▶ **Work instruction**: Type the records that follow again exactly as written, but drop the pictures.

▶ **Supplied records**:
★ ★ ★ ★ ★ ★ ★
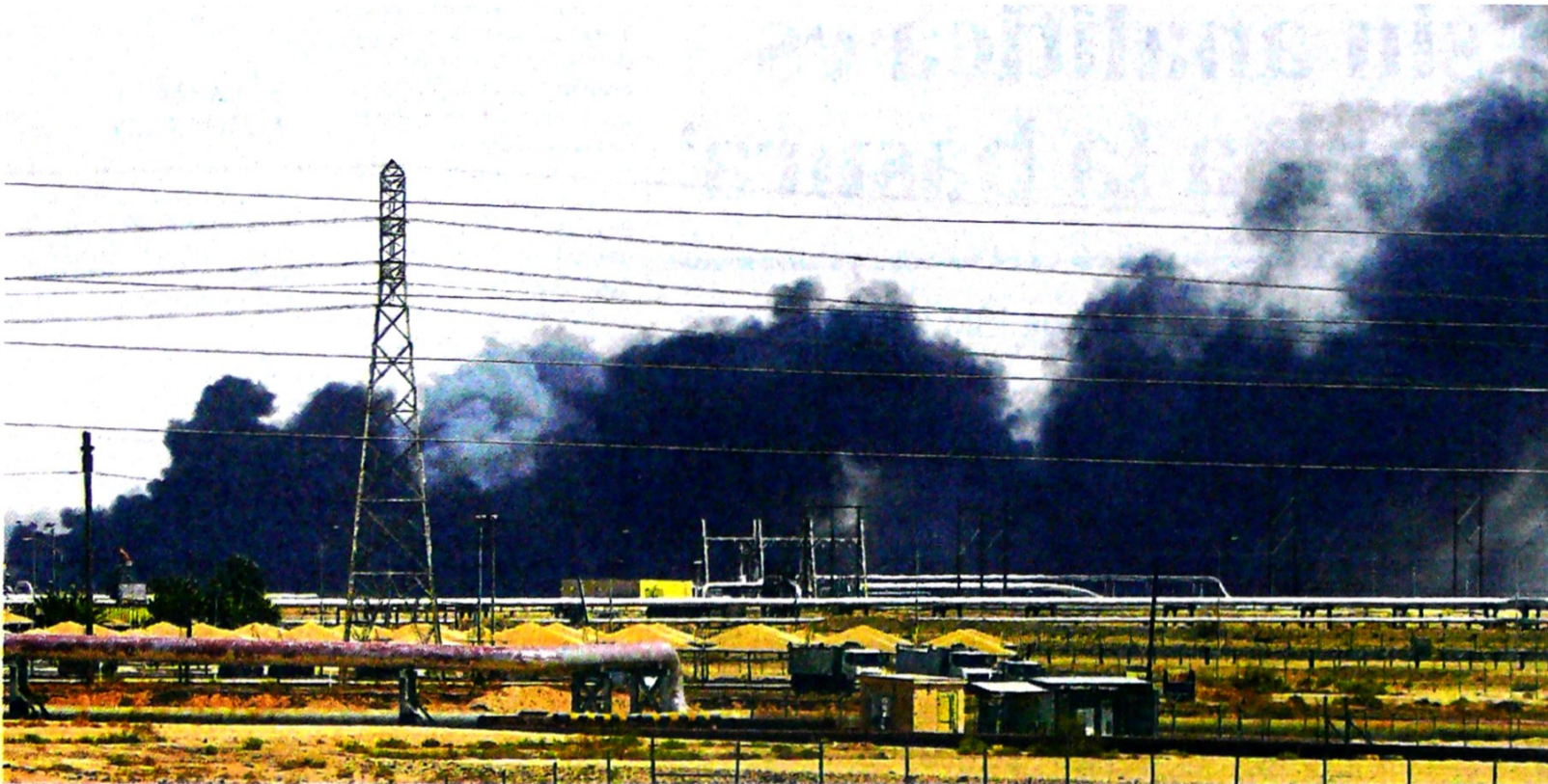
Para analistas y gremios del sector petrolero nacional, el atentado en Arabia Saudita no afectará el desarrollo de la operación en los campos.
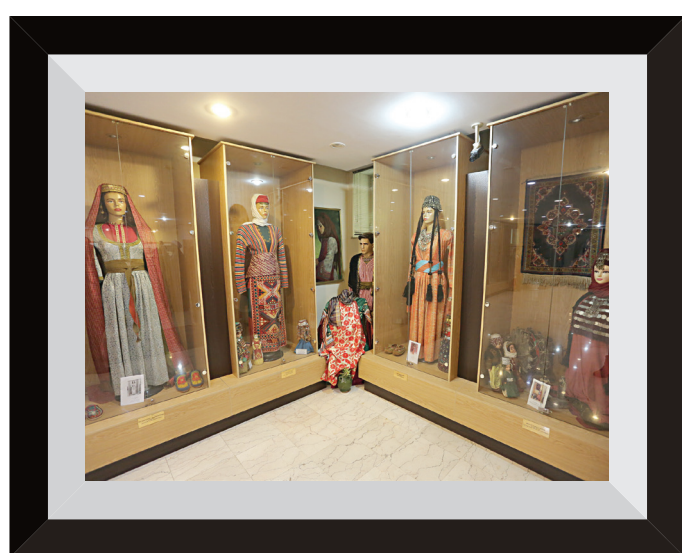
موزه لباس ادیان در کلیسای حضرت مریم

حضور در کلیسای حضرت مریم در خیابان سی تیر و تماشای موزه تاریخی اشیاء و لباس های مختلف ادیان از دیگر بخش های این سفر یک روزه بود. این موزه ۱۱ ساله است در دل کلیسای حضرت مریم راه اندازی شده است. تصاویر تعدادی از کلیساهای ایران و انجیل قدیمی ۲۰۶ ساله از بخش های دیدنی و جذاب این موزه تاریخی بود. در موزه مریم مقدس لباس های اقوام و ملیت ها در طول تاریخ به نمایش در آمده است. جالب اینکه ویژگی مشترک همه این لباس ها پوشیدگی لباس زنان در همه ادوار تاریخی بوده است.
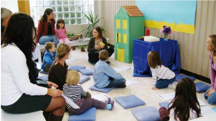
La maison s'éveille pour s'ouvrir à Jésus

Trouver un langage adéquat pour parler de Dieu aux enfants et cheminer avec eux pour qu'ils grandissent aussi bien dans leur âme que dans leur corps, c'est le but de l'Eveil à la foi. Ces rencontres rassemblent des enfants de 3 à 6 ans, accompagnés de leurs parents.
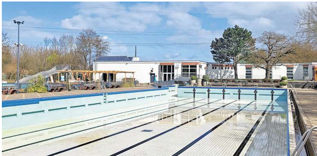
Die Saison im Freibad Arnum soll im Mai starten.
★ ★ ★ ★ ★ ★ ★
▶ **Response to the exercise**:
Para analistas y gremios del sector petrolero nacional, el atentado en Arabia Saudita no afectará el desarrollo de la operación en los campos.
موزه لباس ادیان در کلیسای حضرت مریم

حضور در کلیسای حضرت مریم در خیابان سی تیر و تماشای موزه تاریخی اشیاء و لباس های مختلف ادیان از دیگر بخش های این سفر یک روزه بود. این موزه ۱۱ ساله است در دل کلیسای حضرت مریم راه اندازی شده است. تصاویر تعدادی از کلیساهای ایران و انجیل قدیمی ۲۰۶ ساله از بخش های دیدنی و جذاب این موزه تاریخی بود. در موزه مریم مقدس لباس های اقوام و ملیت ها در طول تاریخ به نمایش در آمده است. جالب اینکه ویژگی مشترک همه این لباس ها پوشیدگی لباس زنان در همه ادوار تاریخی بوده است.
La maison s'éveille pour s'ouvrir à Jésus

Trouver un langage adéquat pour parler de Dieu aux enfants et cheminer avec eux pour qu'ils grandissent aussi bien dans leur âme que dans leur corps, c'est le but de l'Eveil à la foi. Ces rencontres rassemblent des enfants de 3 à 6 ans, accompagnés de leurs parents.
Die Saison im Freibad Arnum soll im Mai starten.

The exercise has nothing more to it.